La pintura de Juan trasciende al mundo racional que representa,  consiguiendo encerrar el sincretismo del arte y de la escuela costumbrista de forma. No abandona la sencillez del paisaje de su tierra y los paisanos que la habitan, él nos traslada siempre a un cielo de relax y belleza. Caamaño no deja de sorprendernos con cada nuevo trabajo, depurando su técnica en un baile de acuarelas, temperas y óleos para llenar en las telas un mundo de detalles pictóricos.

La desembocadura del río Guadalete con el desaparecido puente de hierro parra el tren.
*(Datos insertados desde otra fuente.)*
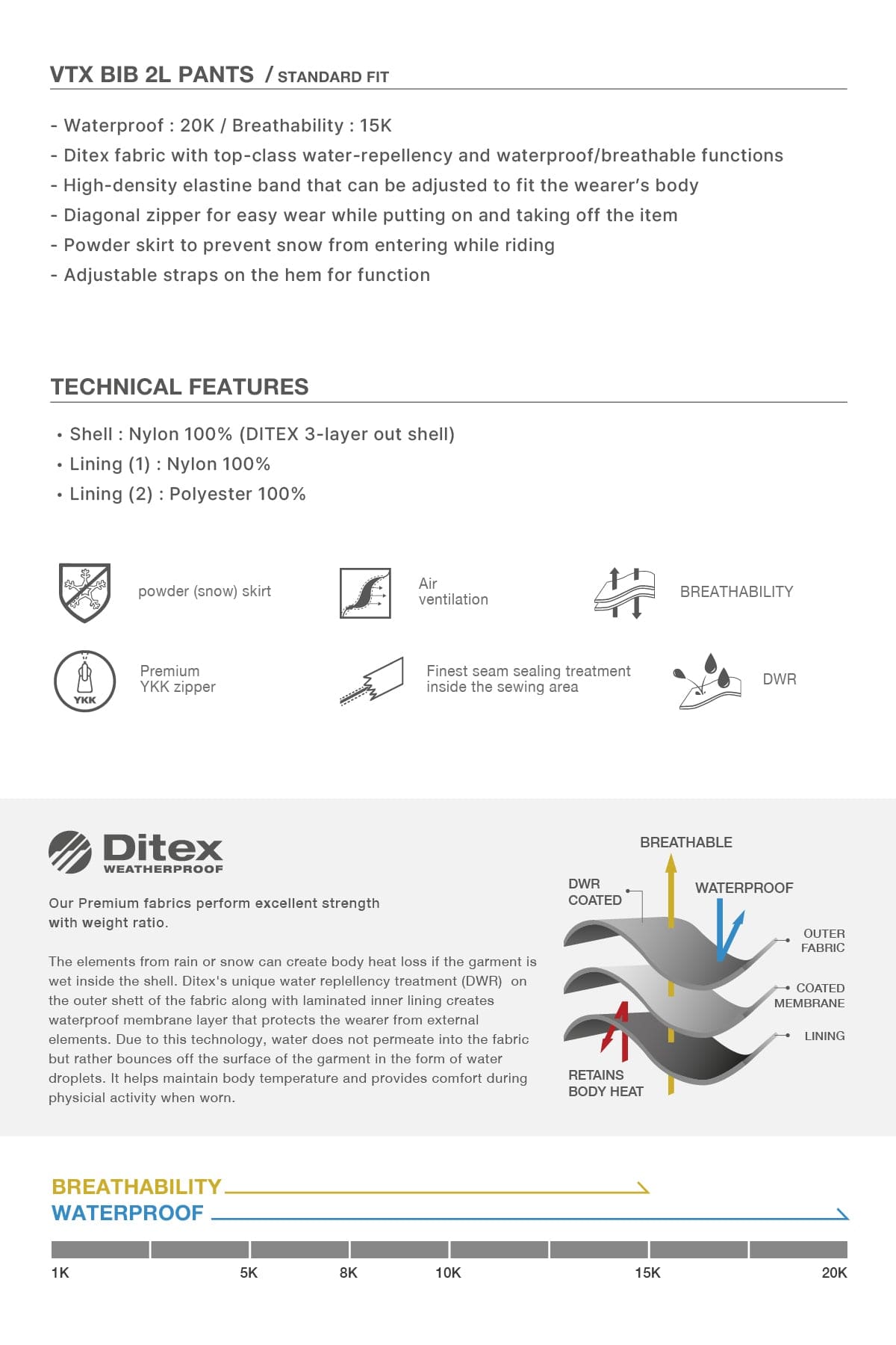 - Waterproof : 20K / Breathability : 15K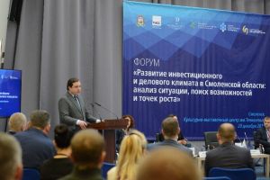 Губернатор Алексей Островский принял участие в работе форума «Развитие инвестиционного и делового климата в Смоленской области: анализ ситуации, поиск возможностей и точек роста». Основная цель форума - проанализировать наиболее актуальные проблемные вопросы, стоящие перед регионом в части развития инвестиционного и делового климата и вместе с федеральными и региональными экспертами и бизнесом выработать эффективные подходы для успешного развития в будущем.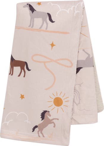 This soft and cozy cowboy/cowgirl themed baby blanket has a minky front with a luxurious white faux shearling back. It is 30 inches by 40 inches in size and features playful horses, cowboy hats, boots, wagon wheels, cacti, sun, moon, and clouds. This blanket captures the rustic charm of the frontier with a modern sophisticated touch. It makes a great baby shower gift or welcome home baby gift.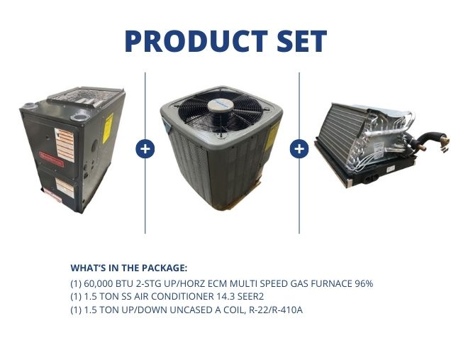 60,000 BTU 2-Stg Up/Horz Gas Furnace 96%, 1.5 Ton SS AC 14.3 SEER2 with 1.5 Ton Up/Down Uncased Coil

Año 2002.

En cuanto a su inspiración pictórica, tiene especial predilección por dos grandes maestros: Rembrandt,  maestro de las formas y Juan Lara, pintor costumbrista de la luz y el color. En sus obras, igualmente, podemos intuir influencias de la terrebilitá de Caravaggio o la perspectiva aérea velazquiana.

Tiene obras repartidas por todo el territorio nacional, EE.UU. y gran parte de la Unión Europea. Caamaño actúa cual notario del paisaje que observa; otorga un levantamiento de luz dando fe con los pinceles. (Texto: Ángel Quintana Fernández).